In [1]:
import os

os.environ["OPENBLAS_NUM_THREADS"] = "1"  # For implicit ALS

In [2]:
import warnings

warnings.filterwarnings("ignore")

In [3]:
import pandas as pd
import numpy as np
import optuna


from implicit.als import AlternatingLeastSquares

from rectools.metrics import MAP, calc_metrics
from rectools import Columns
from rectools.dataset import Dataset
from rectools.models import ImplicitALSWrapperModel

from pathlib import Path


# Read and Preprocess Data

In [24]:
DATA_PATH = Path("../data")
Columns.Datetime = "last_watch_dt"

users = pd.read_csv(DATA_PATH / "users.csv")
items = pd.read_csv(DATA_PATH / "items.csv")
interactions = pd.read_csv(DATA_PATH / "interactions.csv").iloc[:100_000]

In [25]:
interactions[Columns.Datetime] = pd.to_datetime(interactions[Columns.Datetime], format="%Y-%m-%d")
interactions[Columns.Weight] = np.where(interactions["watched_pct"] > 10, 3, 1)
max_date = interactions[Columns.Datetime].max()
train = interactions[interactions[Columns.Datetime] < max_date - pd.Timedelta(days=7)].copy()
test = interactions[interactions[Columns.Datetime] >= max_date - pd.Timedelta(days=7)].copy()

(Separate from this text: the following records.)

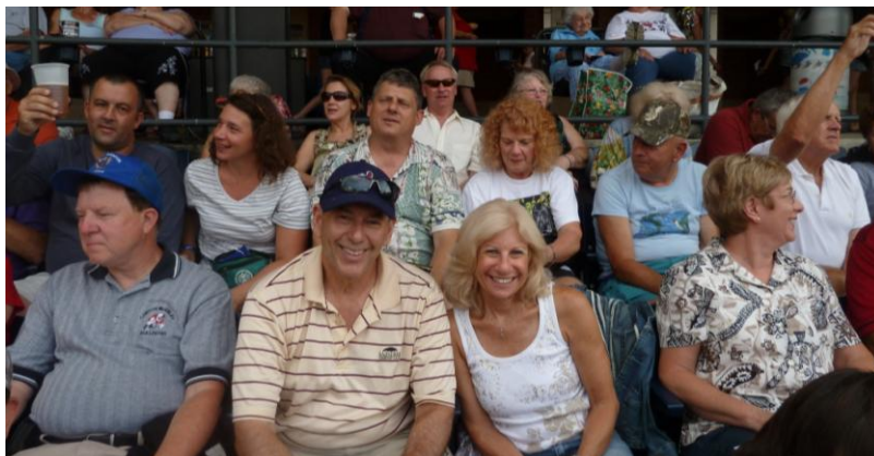
Some of the gang at the July 29 th Akron Aeros game

Come visit us at our next business meeting, Tuesday, August 8 th . Meeting is held at the Akron Turner Club, starting at 7:30 PM.
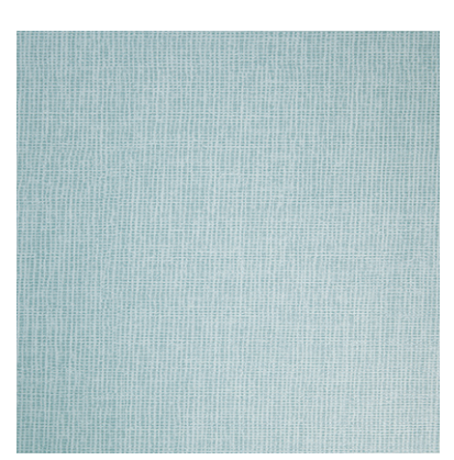
TA3534 Wrinkle Free
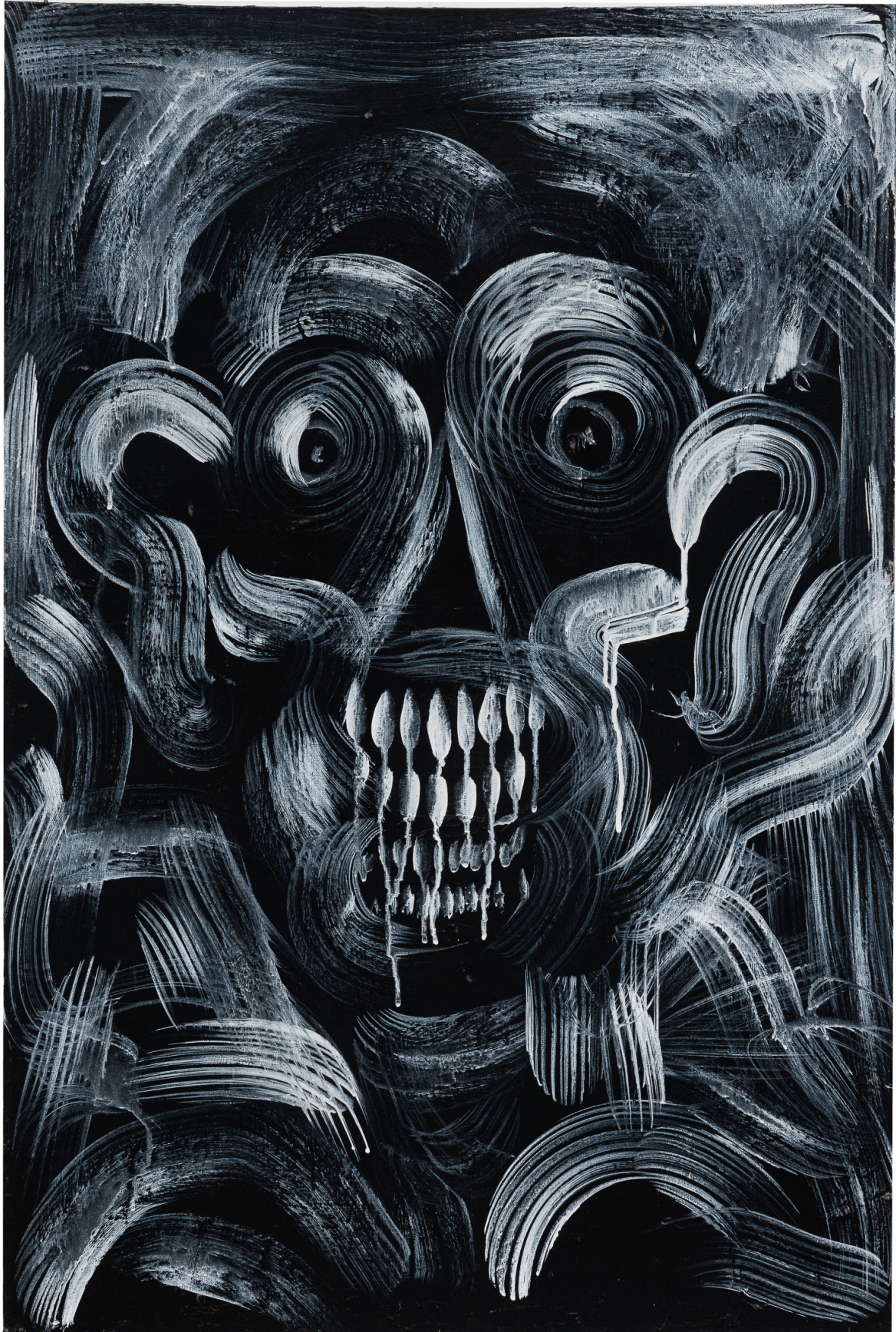
Lucas Samaras (1936- ) Untitled June 27, 1985 Acrylic on canvas 36 x 24 in./ 91.4 x 61 cm Framed: 38 1/8 x 26 1/8 x 1 5/8 in./ 96.8 x 66 x 2.5 cm
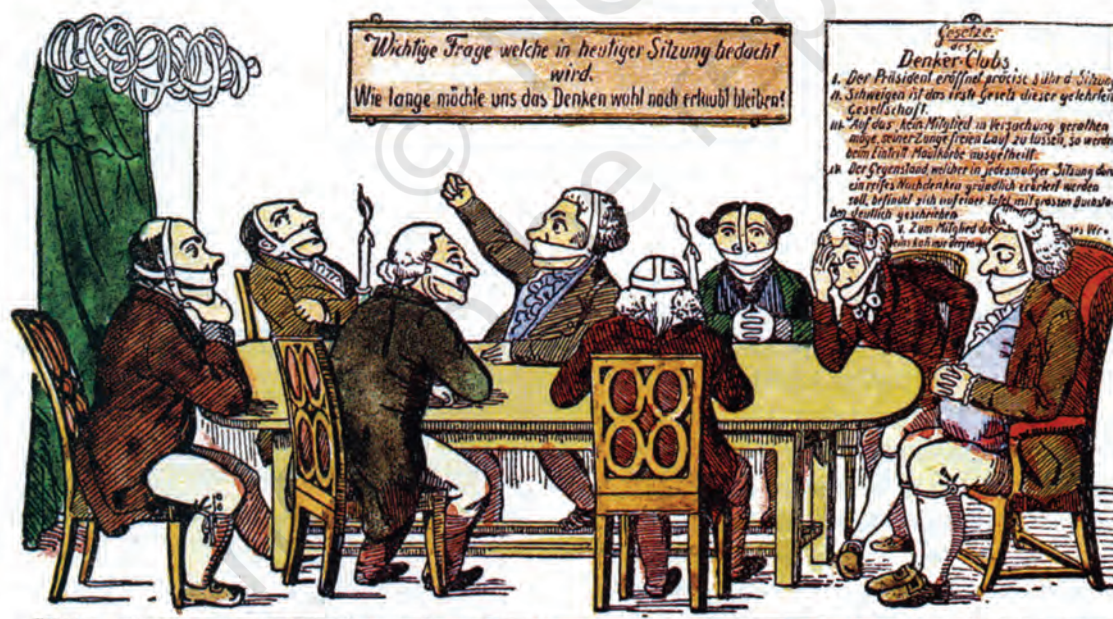
Fig. 6 – The Club of Thinkers, anonymous caricature dating to c. 1820.

What is the caricaturist trying to depict?

print(f"train: {train.shape}")
print(f"test: {test.shape}")

train: (9120, 6)
test: (880, 6)


In [26]:
train.drop(train.query("total_dur < 300").index, inplace=True)
cold_users = set(test[Columns.User]) - set(train[Columns.User])
test.drop(test[test[Columns.User].isin(cold_users)].index, inplace=True)

In [27]:
dataset = Dataset.construct(interactions_df=train)

# Fixed hyperparams

In [28]:
K_RECOS = 10
RANDOM_STATE = 42
NUM_THREADS = 8

In [30]:
k = 10

metrics_name = {
    "MAP": MAP,
}
metrics = {f"{metric_name}@{k}": metric(k=k) for metric_name, metric in metrics_name.items()}

In [31]:
metrics

{'MAP@10': MAP(k=10, divide_by_k=False)}

# Hyperparameters tuning

In [35]:
def objective(trial, dataset, train, test):
    n_factors = trial.suggest_categorical("n_factors", (4, 20, 50, 100))
    regularizations = trial.suggest_categorical("regularization", (0.01, 0.05, 0.1))
    iterations = trial.suggest_categorical("iterations", (15, 5, 10))

    model = ImplicitALSWrapperModel(
        model=AlternatingLeastSquares(
            factors=n_factors,
            regularization=regularizations,
            random_state=RANDOM_STATE,
            iterations=iterations,
        ),
    )

    model.fit(dataset)
    recs = model.recommend(
        users=test[Columns.User].unique(),
        dataset=dataset,
        k=K_RECOS,
        filter_viewed=True,
    )
    metrics_vals = calc_metrics(metrics, recs, test, train)
    return metrics_vals["MAP@10"]


study = optuna.create_study(direction="maximize")

[I 2023-12-05 23:42:27,180] A new study created in memory with name: no-name-6acb25a5-8c90-4829-814c-945d0e00a09b


In [40]:
study.optimize(lambda trial: objective(trial, dataset, train, test), n_trials=50)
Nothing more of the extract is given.